Если бы де Сад был повинен только в негуманном отношении к девицам легкого поведения, вряд ли его стали бы наказывать. Но основным обвинением было богохульство, а согласно уголовному законодательству того времени святотатство считалось достаточно серьезным проступком, и если бы не знатное происхождение, маркиз мог бы поплатиться за него головой, как это случилось с шевалье де ла Барром, о деле которого с гневом писал Вольтер. Шевалье якобы не снял шляпу перед религиозной процессией, богохульствовал, а потом признался под пыткой, что в ночь на 9 августа 1765 года изрезал деревянное распятие, стоявшее на мосту в Абвиле. По приговору суда шевалье должны были вырвать язык, отрезать правую руку и сжечь живьем, но парламент Парижа, рассмотрев прошение осужденного, смягчил приговор, заменив сожжение отсечением головы. Помиловать шевалье король отказался, и 1 июля 1766 года двадцатилетний молодой человек был казнен.
За две недели пребывания в стенах Венсена маркиз, кажется, осознал, какой опасности он подвергался, а осознав, принялся писать письма, в том числе и начальнику полиции Сартину. Именуя себя «несчастным, сбившимся со стези добродетели», де Сад ненароком упомянул о некой «книге», якобы вышедшей в июне месяце, которая, как считают, вполне могла быть непристойной книгой самого де Сада, отрывки из которой он зачитывал Жанне Тестар. Если де Сад действительно еще до первого своего заключения успел издать некое анонимное сочинение, если в 1768—1769 годах он сумел продать кое-какие свои рукописи, причем продать не только во Франции, но и в Голландии, значит, он не устоял перед искушением увидеть свои произведения напечатанными. Правда, издал он их анонимно, чтобы не портить аристократическую репутацию, но тем не менее поступок этот ясно свидетельствует о его страсти к писательству. А зная, что излюбленными темами маркиза являлись наслаждение и отрицание Бога, можно предположить, что в первых его публикациях порнографические пассажи чередовались с критическими, и объектом критики выступала, скорее всего, религия. Тогда становится относительно понятно, почему на фоне всеобщего разложения нравов, при необычайной популярности розог в деле повышения потенции кавалеров, равно как и содомских сношений, именно либертен де Сад пострадал от правосудия за свои удовольствия. Перо де Сада всегда отличалось язвительностью и прямолинейностью.
Несколько цифр: согласно полицейской статистике, в 1725 году в Париже насчитывалось примерно двадцать тысяч содомитов, а в 1785-м их уже было вдвое больше.

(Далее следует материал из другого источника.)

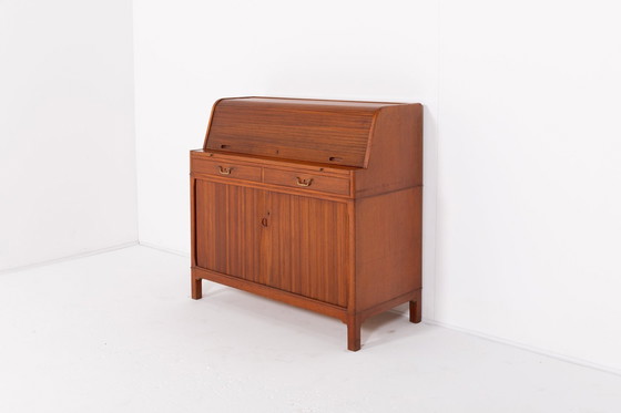 Spectaculaire et élégante armoire-bureau en acajou et en teck de Carl-Axel Acking pour Nordiska Kompaniet, Suède, années 1950. La pièce comporte des portes vénitiennes pliantes, un espace de rangement et de petits tiroirs coulissants derrière elles. La façade est équipée de deux tiroirs et d'une plaque coulissante pour écrire. État moyen, usure liée à l'âge et marques d'usage. Dimensions hauteur : 103 cm profondeur : 50 cm largeur : 110 cm
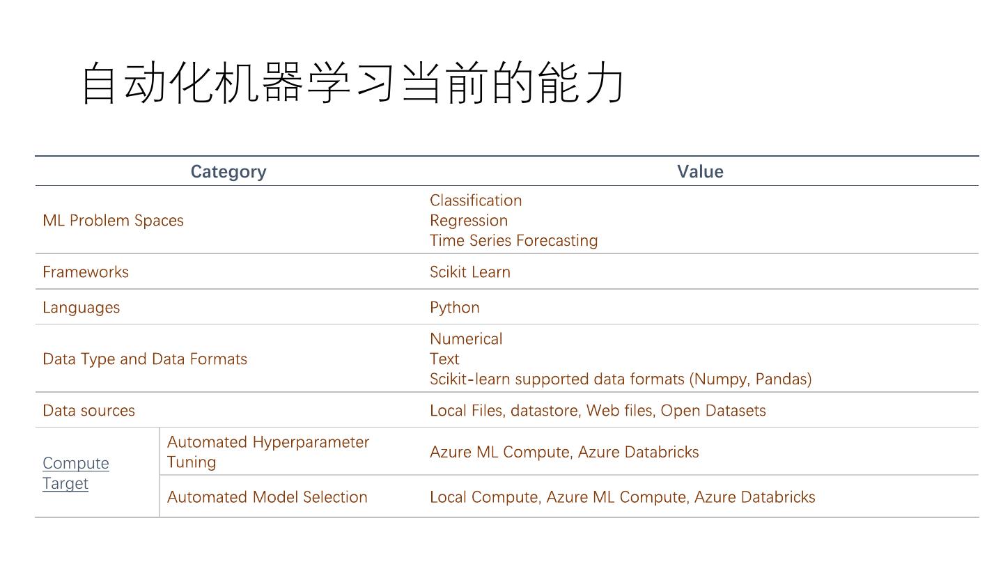 12 . 自动化机器学习当前的能力 Category Value Compute Target
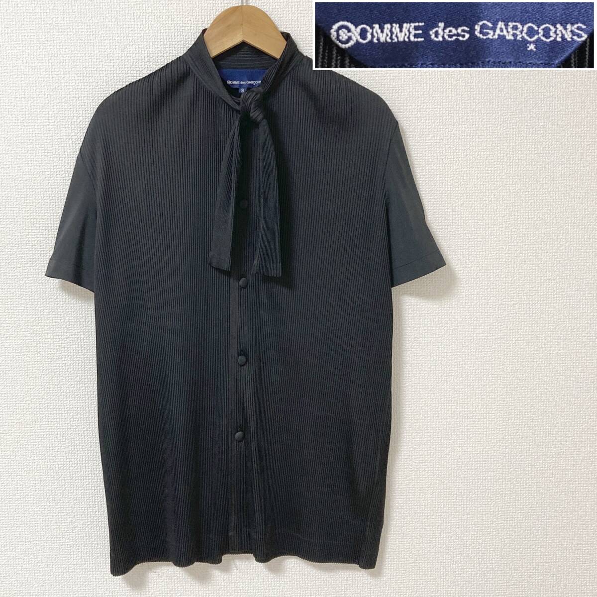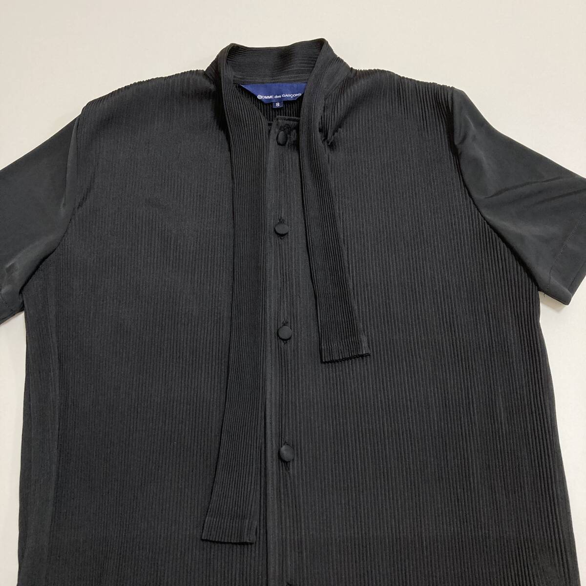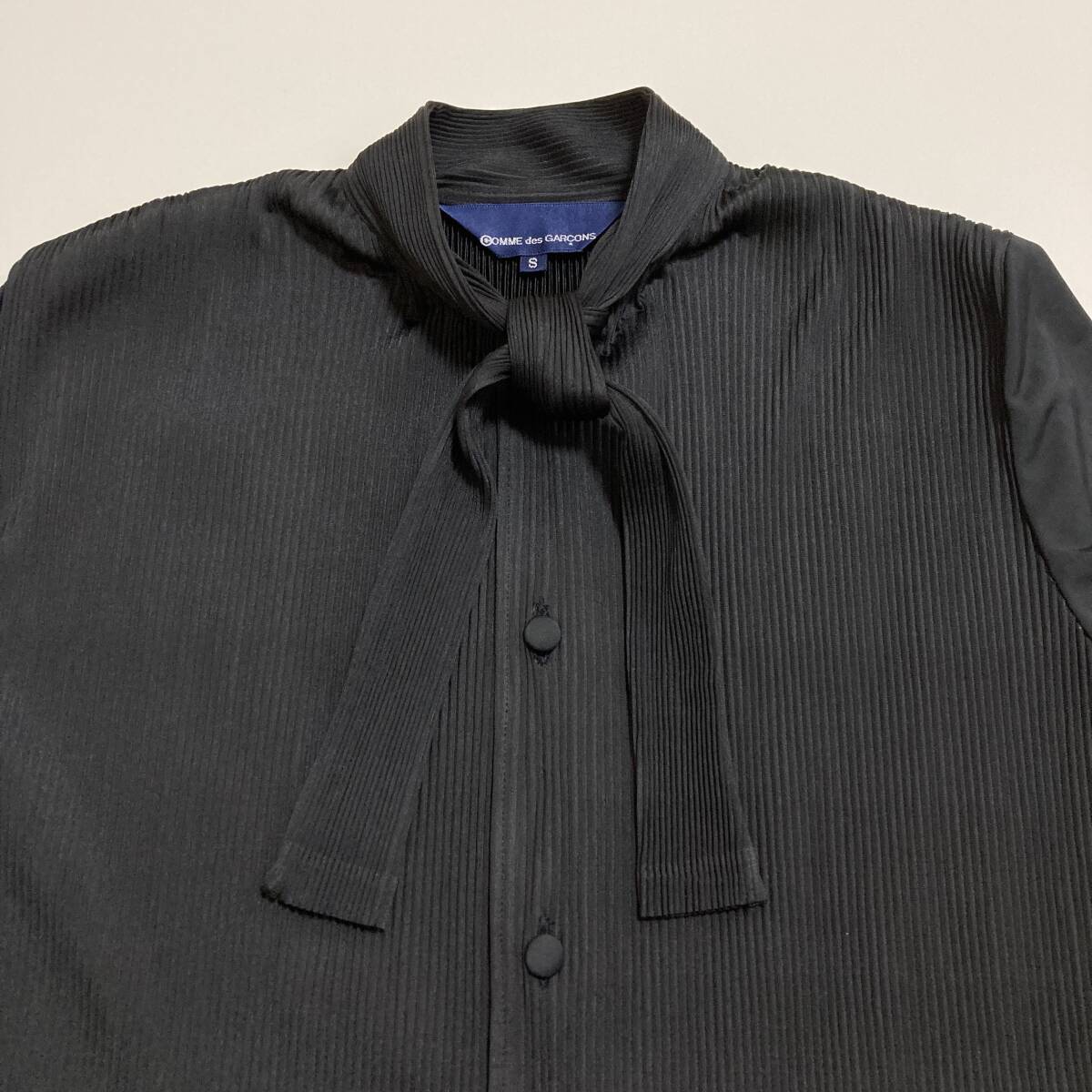 青山 AD1990 COMME des GARCONS プリーツ リボン ポリ 半袖 ブラウス ブラウス ブラック
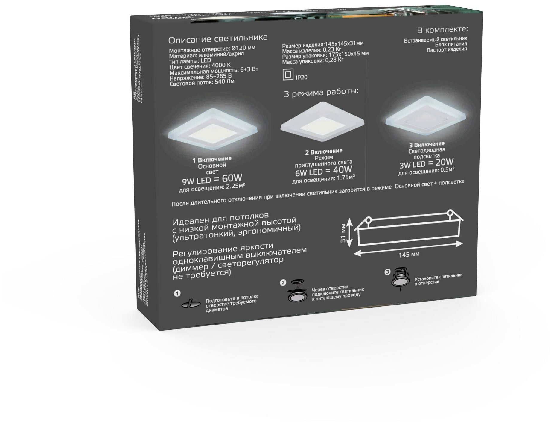 Устройство представлено в двух форм-факторах - квадрат и круг, что расширяет область применения. Не стоит беспокоиться и о цветовой температуре, так как светильники имеют два варианта - 4000К/3000К. Ваше пространство может преобразиться как теплым оттенком, так и приятным холодным светом.
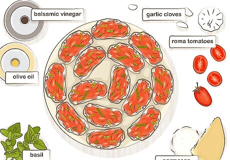 Serve bruschetta with a baguette for an easy, light option. Mix together 2 1/2 cups (592 g) of minced Roma tomatoes, 2 tbsp (30 g) of minced garlic, 1/3 cup (79 g) of chopped fresh basil, 2 tbsp (30 g) of balsamic vinegar, 3 tbsp (45 g) of extra-virgin olive oil, 1/4 cup (59 g) of grated Parmesan cheese, 1 tsp (5 g) of salt, and 1 tsp (5 g) of pepper. Let the bowl sit for 15 minutes so the flavors can combine. To serve the bruschetta, slice a baguette into 1 inch (2.5 cm) thick pieces and place 1 spoonful of bruschetta onto each slice of bread.
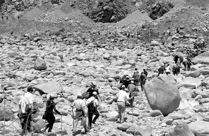 导游和师傅一前一后,护送着游客徒步往都江堰方向进发。在前行大约5公里后,公路路面已被滑落的山体及大量的石块完全中断。游客们只能手脚并用地翻过路障。其中很多老年人根本没有办法翻越两米多高的石堆,于是师傅在后边推、导游在上边拉,总算通过了这段障碍。
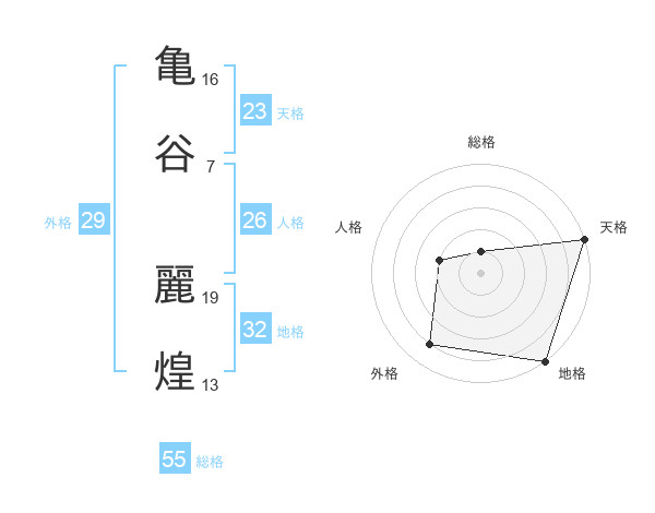 亀谷 麗煌さんの総格は55画の1点!
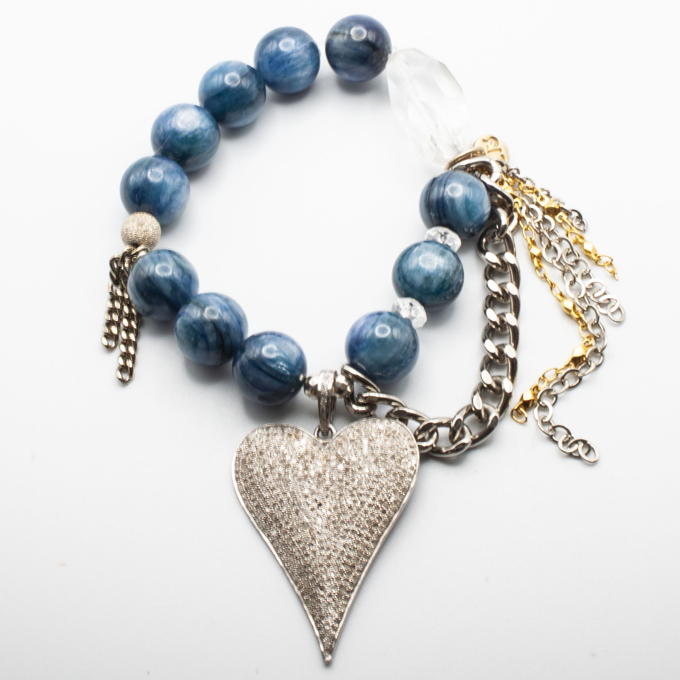 Blue kyanite with a diamond heart pendant. Sterling silver stardust accent bead and silver rhodium chain and tasseling. 7″ stretch bracelet.
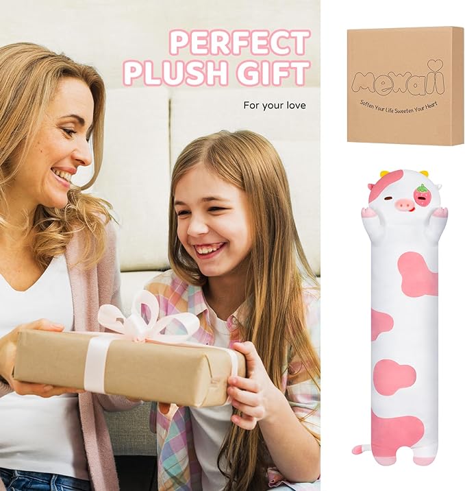 - Cow Body Pillow:Mewaii strawberry cow plush pillows use squishy fabric, soft cotton, fine embroidery and the best stitching to offer you the best cuddling sense and help you feel comforted after stressful days at work or study.
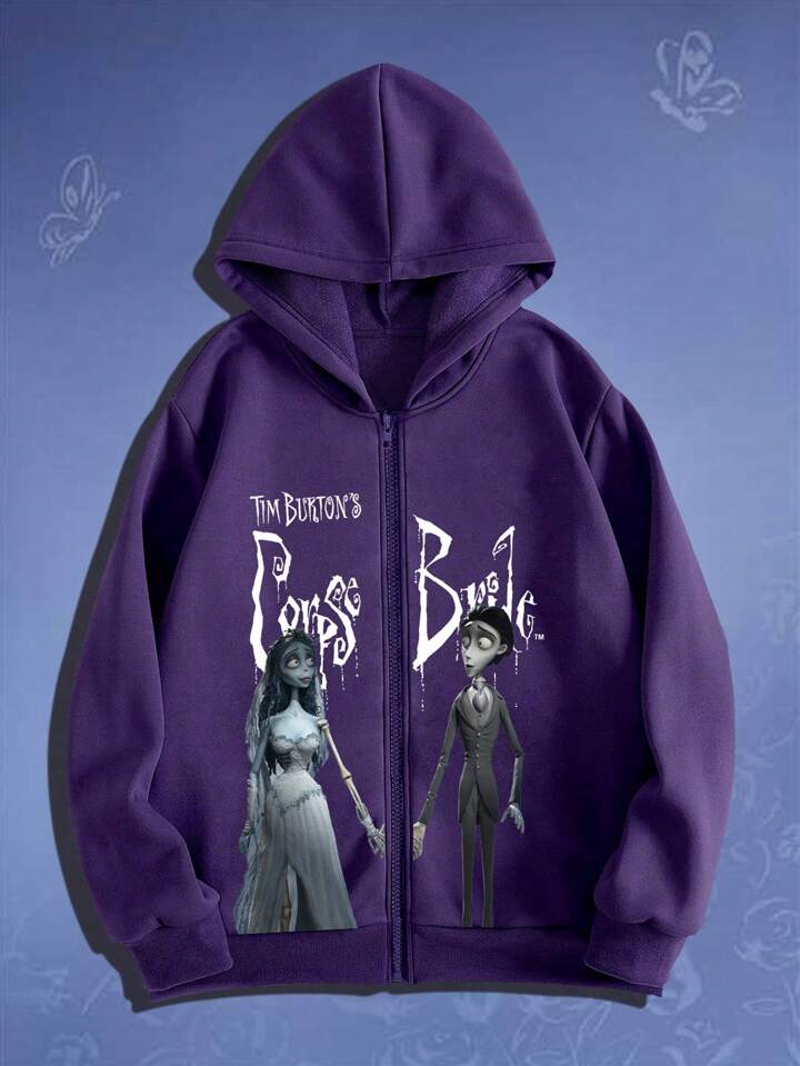 Corpse Bride | ROMWE Men Character Print Zipper Sweatshirt

Сартину еще не раз доведется отведать проклятий маркиза: в письмах из Венсена де Сад станет называть его и «ядовитым грибом», и «любителем лизать королевскую задницу», и «бастардом Торквемады», хотя в сущности Антуан Габриэль де Сартин (1729—1801) был не самым худшим начальником полиции, а, наоборот, одним из лучших. Он сумел так поставить дело, что к нему за советом обращались великие европейские императрицы Екатерина II и Мария-Терезия. Он успешно боролся с уголовной преступностью, поставил на улицах Парижа фонари, построил зерновой рынок, организовал бесплатные курсы рисования для бедных детей и, говорят, даже придумал игру в рулетку в том виде, в каком она дошла до наших дней. Но таков уж был господин де Сад: всех, кто не угодил ему, он поливал грязью, не задумываясь о том, справедливы его обвинения или нет.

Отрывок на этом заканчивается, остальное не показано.